Chinese brush painting is done on rice paper. Once you made a stroke, it can never be erased. If it's not right, you can not correct it. The Chinese brush painting teachers often say that if you made a mistake, it is a happy accident, it is the way it was meant to be, and it organically becomes part of the painting. You need to accept it and leave it alone. If you try to correct it, you will only emphasise the mistake but will fail to fix it. In the end, you will bear the full fault for ruining a perfectly good painting.
Here are other images of Kyoto, a fascinating, old cultural center, where traditional architecture and temples blend in with modern skyscrapers and European sidewalk cafes.
This is a picture from the
Heian Shrine--
Shinen Garden, landscaped in Meiji Era style. It is famous for its changing maple leaves in the fall and its weeping cherry trees in the spring.

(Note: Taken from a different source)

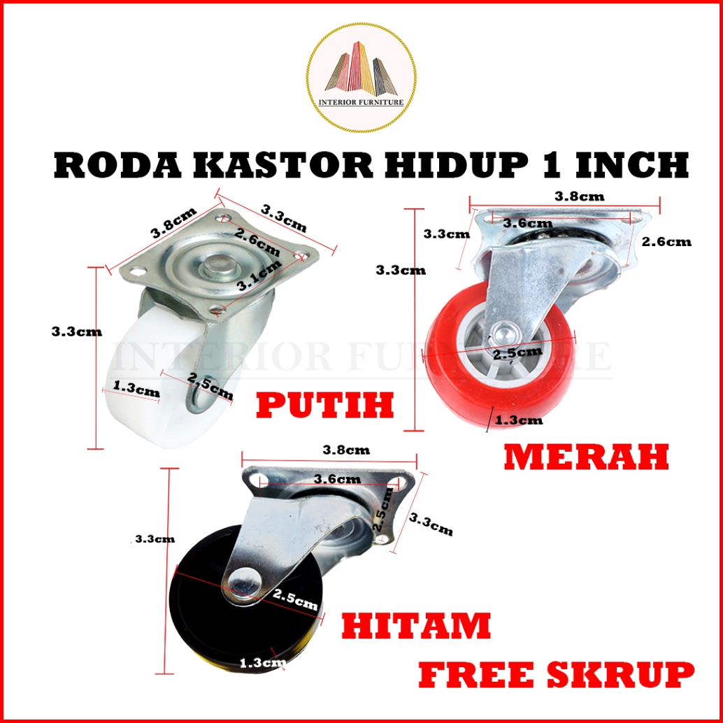 Roda Kastor Plate Pvc Nylon Roda Troly Etalase 1 Inch Mati Hidup 1pcs Free Sekrup

This is the emperor's private garden at the Kyoto Imperial Palace, in the rain, in November. Even though raining, the tours were not canceled. Everyone, including the guide, was braving through the rain drops to see only the outside of the Palace. Tourists can not go inside unless they have a very special permit, seldom granted.
The imperial family dwelt in this palace from 1331 until 1868 when they moved to Tokyo. It was destroyed by fire several times but rebuilt identically with the original, every time. The style is in keeping with the
Heian Period--peaceful but somewhat stark and somber.
One of the most famous rock garden in Japan is the one at the Ryoanji's temple, a Zen temple of the Rinzai tradition. It was created first between 1488-1499. It has 15 stones, but the garden is designed in such a way that not all 15 are visible from the same angle. Hence, it is very difficult to photograph the entire garden. It may seem, at the first sight, there isn't much to see, just rocks and gravel combed in a certain way. But when you sit down by it, and quiet down your thoughts, allowing only the peace of these rocks to keep you company, the effect is almost hypnotic.
I couldn't take my eyes off this garden. My eyes were scanning it from left to right and from right to left, each time discovering new ways in which the light falls on the rocks, new patterns on their faces, new dimensions of its space. The time seemed to have halted to a stop. We were in a timeless place, looking at an work of art, in awe, as the first viewer of this garden must have done centuries ago. For more info and viewing angle, you can use this link: http://learn.bowdoin.edu/japanesegardens/gardens/ryoan/ryoan-ji.html.

View of Ryoanji's rock garden.
Photo
Marcus Trimble.Many Japanese now believe that the "Old Japan" is gone, being replaced by the modern life, architecture,
anime, and fashion. As tourists, we discovered that it takes some searching if you want to see the historical Japan, the world that mystified the Europeans in the 1800s by its strict rules, art, beauty and romantic mysteries. But all these are still there. You just need to be patient and scratch the surface. Nothing is really lost. It just changes.